Nlyte Software, whose data center infrastructure management (DCIM) software is what the company’s chief strategy officer Enzo Greco likened to a “real-time ERP (enterprise resource planning) for the data center,” recently added predictive thermal and power management capabilities using IBM Watson machine learning services to its solution. Watson helps it build a model based on data from sensors, equipment, and application workload information. In many cases, it’s already fairly easy to collect all the data, Greco said, so why not use more of it to your advantage?
Many facilities already have temperature and humidity sensors, real-time operational server data, and power meters. “The data is readily available from almost any modern piece of equipment, whether it’s a UPS or a PDU,” he said. The machine learning system can find hidden patterns and interactions between different systems and endpoints.
“We’re able to predict, at any point in the future, power anomalies at a server and rack level,” Greco said. In a stable state, a rack may be consuming 10kW, but at some point, it may spike to 15kW. “With enough historical data, you’re able to predict one hour in the future that this particular rack will consume 15kW of electricity.” The spike may be caused by a mechanical issue or an application. “Maybe you’re running SAP in batch mode, maybe your transaction systems are running at peak.”

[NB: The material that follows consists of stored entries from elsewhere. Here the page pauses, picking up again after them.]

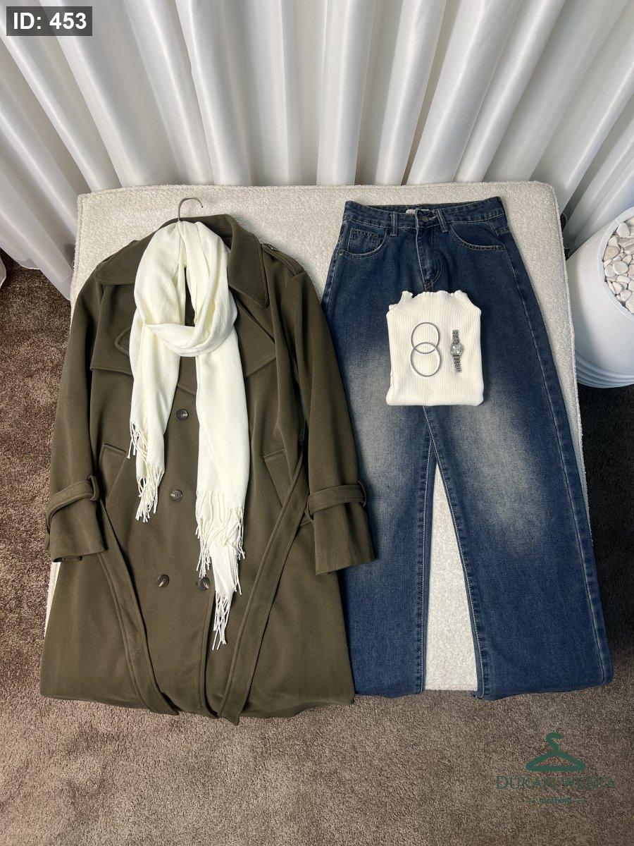 تنسيقة ترانش + بنطلون + سكارف + توب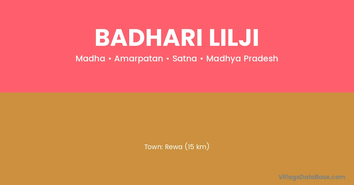 Rewa (15 km) is the nearest town to Badhari Lilji village for major economic activities and is located approximately 15 km away.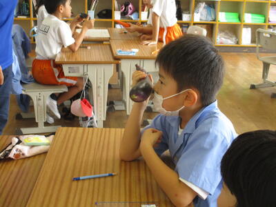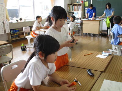 3年生が、音楽の授業でリコーダーの学習をしました。初めてのリーコーダーの学習に意欲満々です。初めに、上の部分だけで、音を出す練習をしました。音が出せるようになると、次は鳥や動物の声をまねてみました。
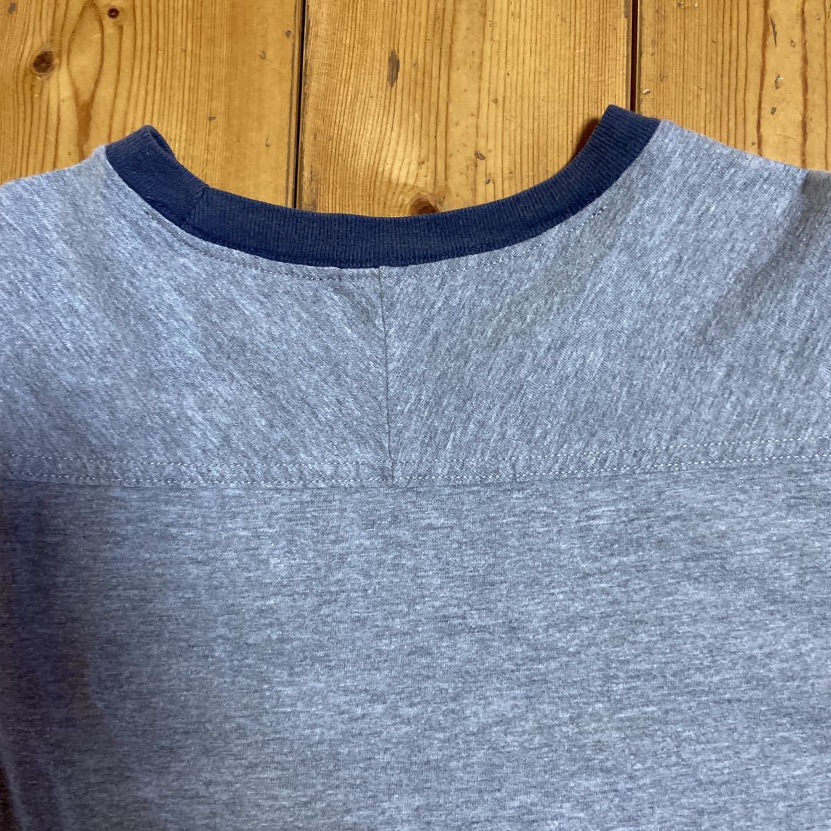 お色はグレーで襟は紺色のアクセントカラーの縁取りです。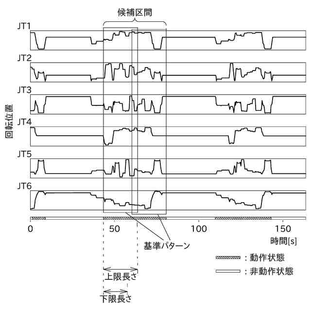 前記基本データとマッチングした時間区間の前記ロボットの状態を反映する各軸の状態信号の時系列データを取得する時系列データ取得部と、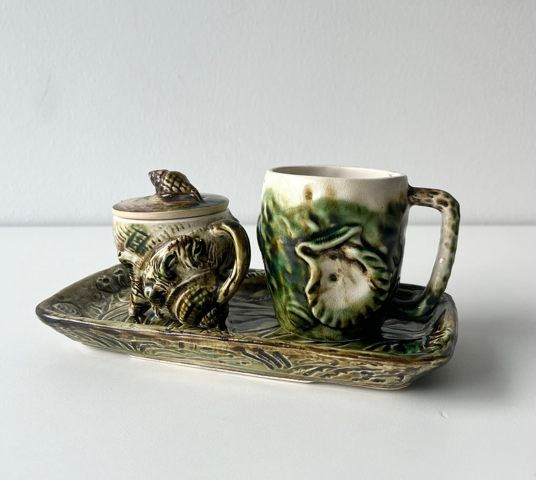 Jeg har fået fingrene i dette helt særlige vintage sæt fra Frankrig, fra 1950’erne. Konkylieformet tekander, sukkerskåle, mælkekander, lang konkylieskål og et lille sæt med fad, kop og skål. Prisen varierer efter størrelse.

If you can predict the spike, you can prepare for it by moving workloads, shutting down servers, or doing some preventative maintenance on UPS batteries, he said.

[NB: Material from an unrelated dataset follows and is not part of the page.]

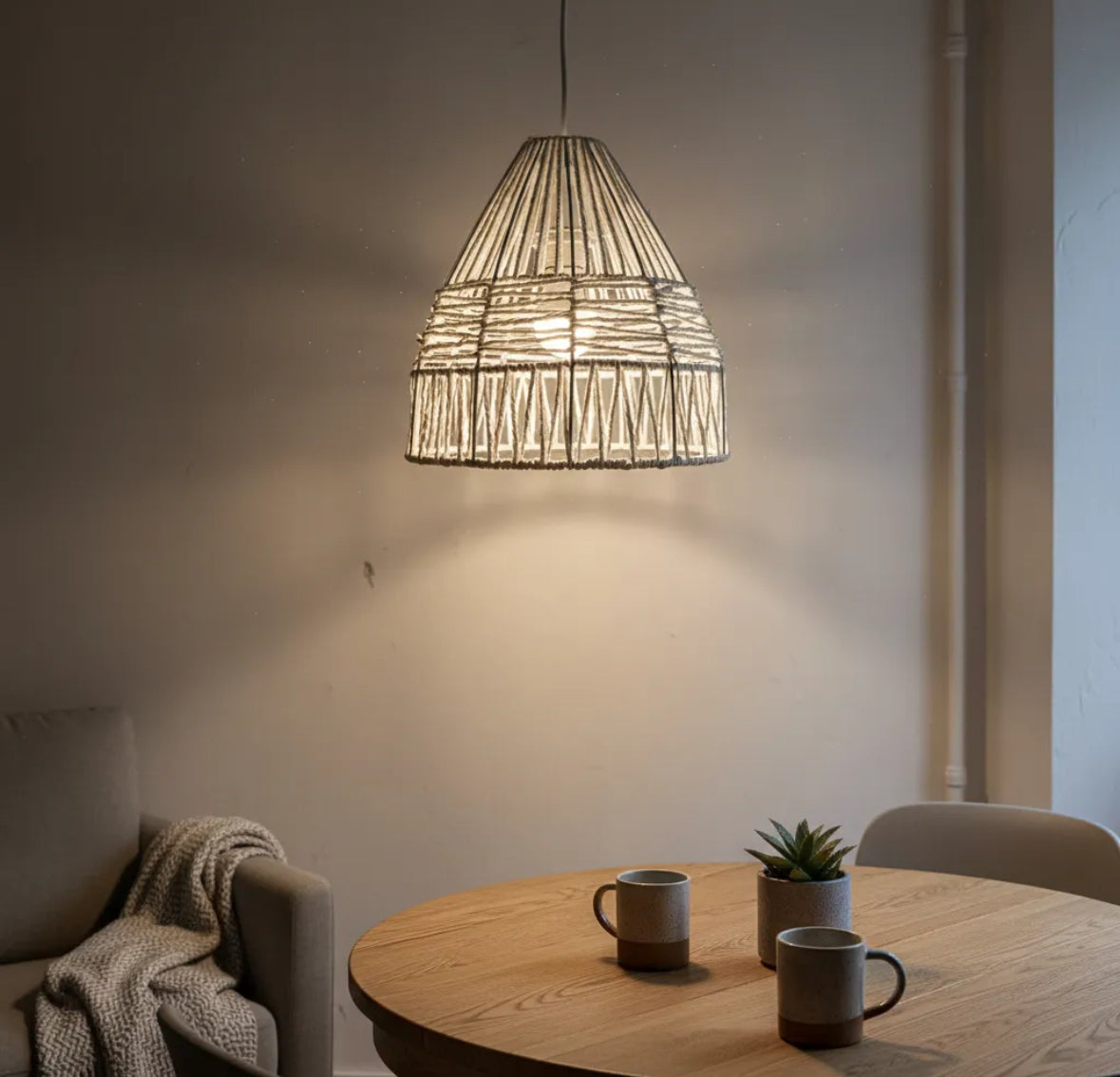 - Ideal para comedores, salones o dormitorios, aportando una luz cálida y difusa.

Most Nlyte customers are using the machine learning system to get alerts and understand potential problem areas. The software company is also developing predicted-failure and preventative-maintenance modules. “Power and thermals are extremely good leading indicators for failure prediction,” Greco said. “If you can predict power anomalies, that is a leading indicator that you may have an application issue, or your may have a mechanical issue.”
In addition to detecting anomalies and detecting them faster than human operators can, machine learning can help operators get a clearer picture of electrical infrastructure redundancy in their facilities. “A room may not be as power redundant as it has been designed to be because of, say, drift in operational practices,” Rhonda Ascierto, research VP at Uptime Institute, told us. “It’s about ensuring that each part of the facility is operating as you expect it to be in terms of the redundancy profile, despite the continually changing nature of these facilities.”
Overall machine learning has the potential to change data center availability strategy from a reactive to a proactive one. “A UPS is reactive; it waits until a power failure then fails over,” he explained. “When applications get recovered after a failure, that’s reactive. Becoming proactive means not waiting; it’s saying I will have a problem in the future, lets remediate it now.”